[[ DATA TO USE open ]]
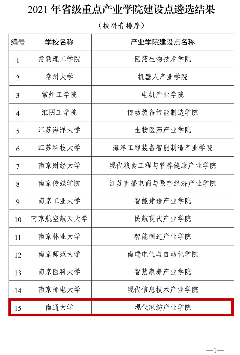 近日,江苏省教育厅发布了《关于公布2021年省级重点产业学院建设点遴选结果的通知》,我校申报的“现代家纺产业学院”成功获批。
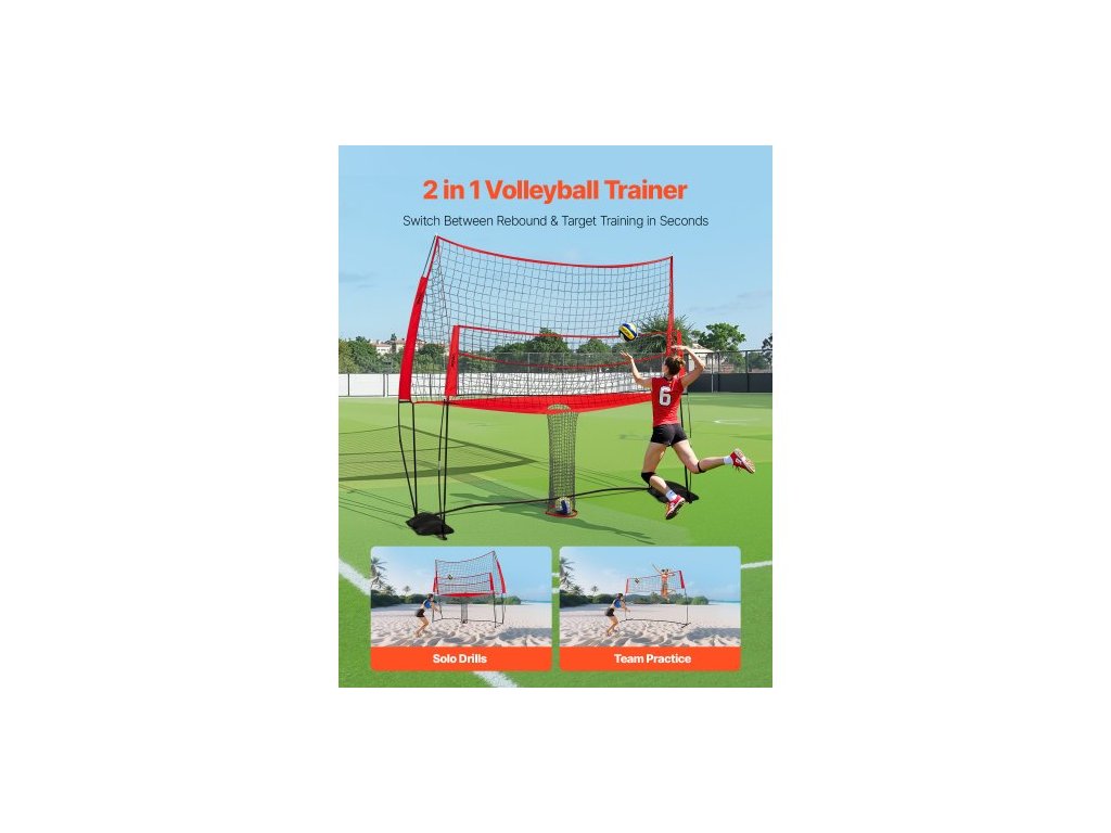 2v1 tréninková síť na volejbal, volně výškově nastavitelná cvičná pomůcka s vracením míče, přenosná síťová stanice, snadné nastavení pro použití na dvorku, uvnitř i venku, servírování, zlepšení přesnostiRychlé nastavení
[[ DATA TO USE closed ]]
[[ DATA TO USE open ]]
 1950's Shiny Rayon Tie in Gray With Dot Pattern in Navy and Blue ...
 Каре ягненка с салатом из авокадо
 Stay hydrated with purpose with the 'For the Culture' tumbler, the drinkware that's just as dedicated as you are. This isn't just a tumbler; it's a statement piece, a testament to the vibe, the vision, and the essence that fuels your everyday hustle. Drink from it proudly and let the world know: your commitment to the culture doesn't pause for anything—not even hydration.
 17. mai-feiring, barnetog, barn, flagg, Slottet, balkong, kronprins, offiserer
[[ DATA TO USE closed ]]
[[ DATA TO USE open ]]
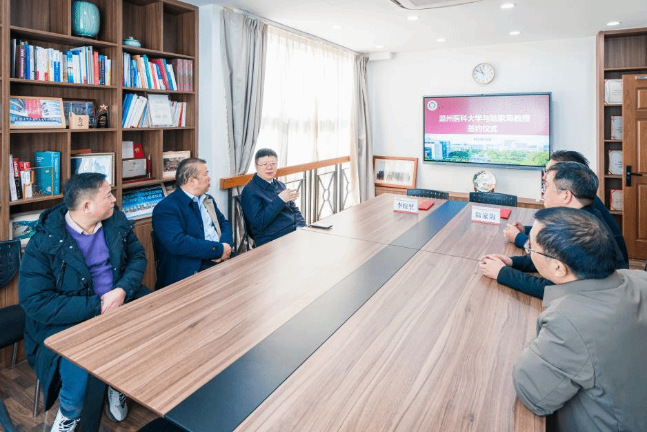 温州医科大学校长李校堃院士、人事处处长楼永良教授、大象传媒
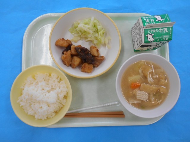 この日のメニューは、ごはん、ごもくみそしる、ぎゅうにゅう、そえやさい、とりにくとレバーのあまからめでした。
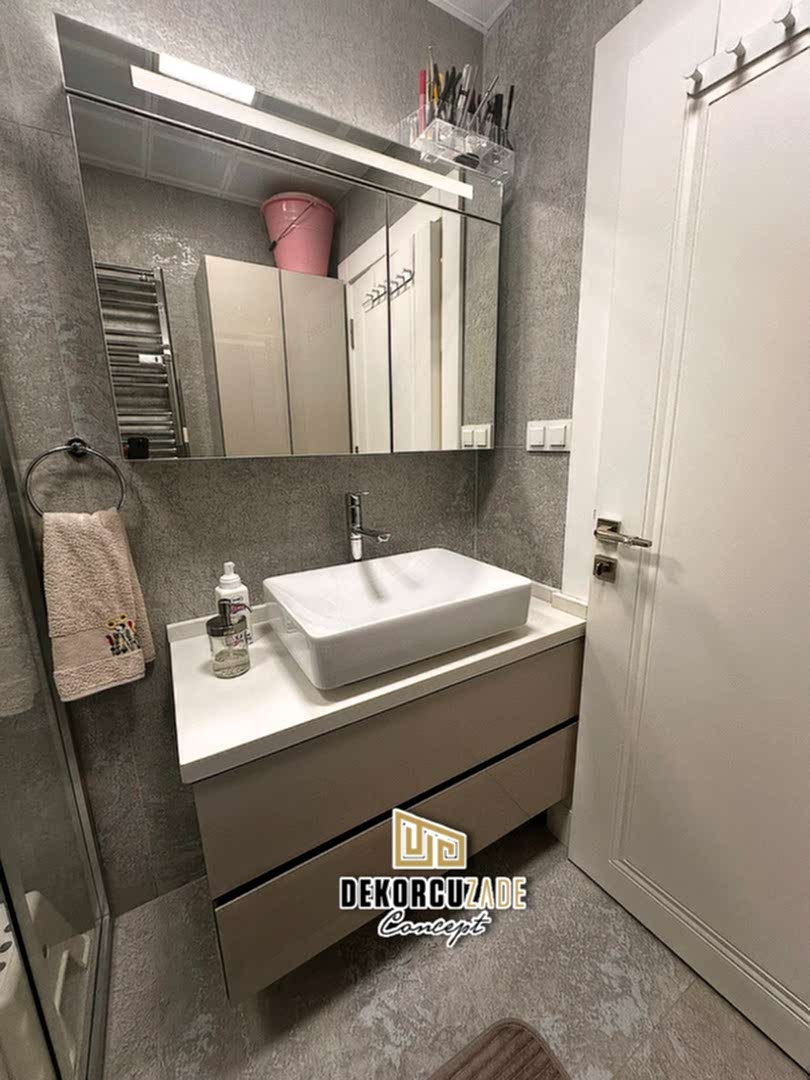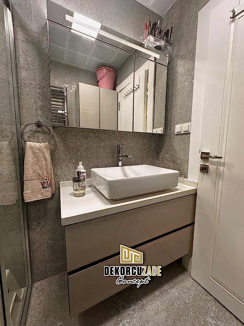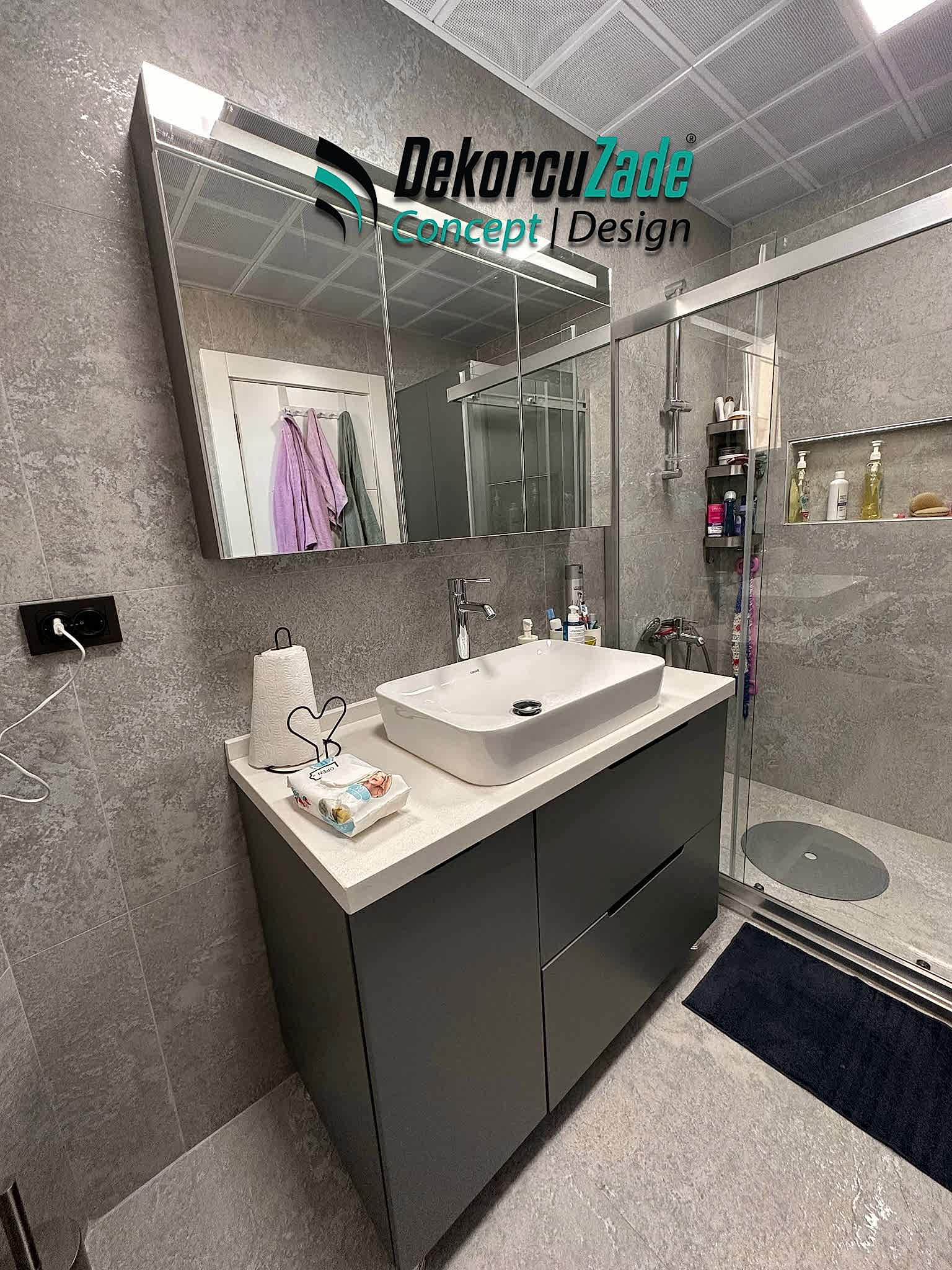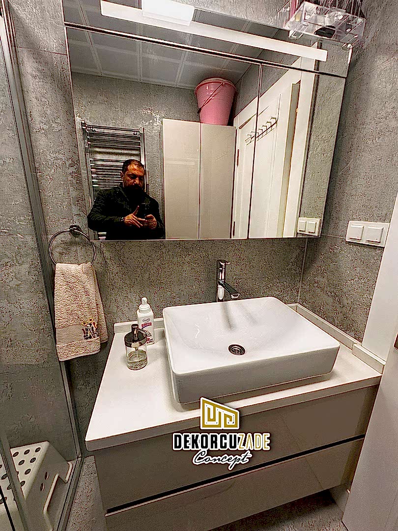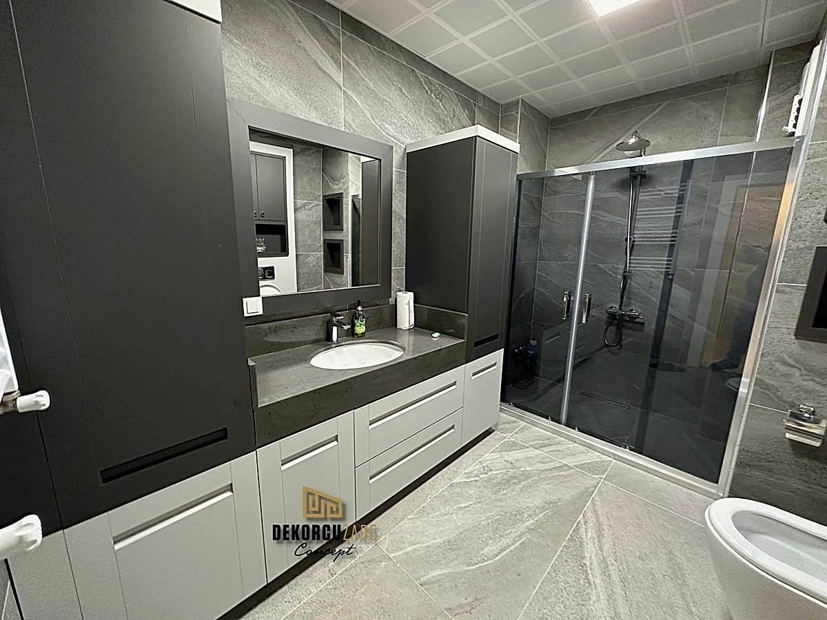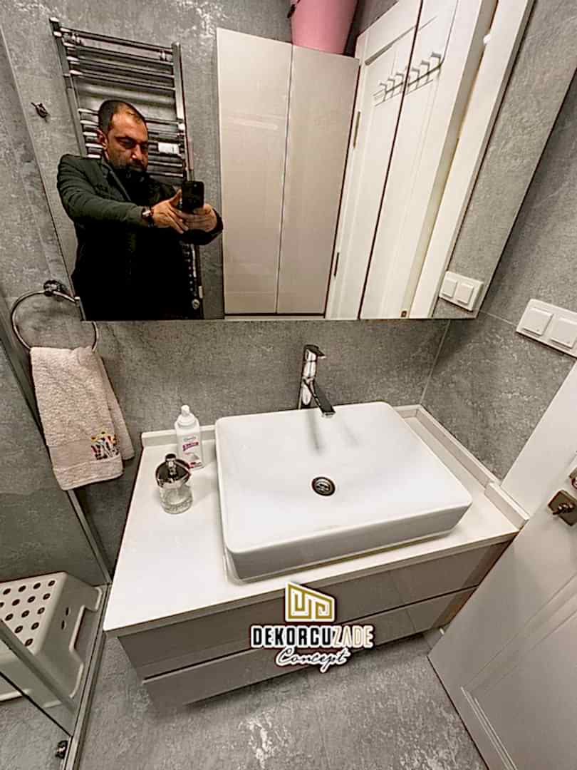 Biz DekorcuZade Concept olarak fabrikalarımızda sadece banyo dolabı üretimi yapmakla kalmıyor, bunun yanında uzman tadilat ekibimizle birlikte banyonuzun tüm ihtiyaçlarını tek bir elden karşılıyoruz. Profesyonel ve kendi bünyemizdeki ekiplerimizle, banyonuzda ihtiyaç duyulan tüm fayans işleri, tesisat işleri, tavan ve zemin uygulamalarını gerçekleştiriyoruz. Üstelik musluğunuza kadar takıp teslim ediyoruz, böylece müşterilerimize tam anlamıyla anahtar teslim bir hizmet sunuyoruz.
[[ DATA TO USE closed ]]
> ACTIVITY:
Could you repeat, exactly, only the lines above starting at the one that has "温州医科大学校长李校堃院士、人事处处长楼永良教授、大象传媒" and stopping after the one that has "この日のメニューは、ごはん、", without the pictures?

> SOLUTION BELOW:
 温州医科大学校长李校堃院士、人事处处长楼永良教授、大象传媒
 この日のメニューは、ごはん、ごもくみそしる、ぎゅうにゅう、そえやさい、とりにくとレバーのあまからめでした。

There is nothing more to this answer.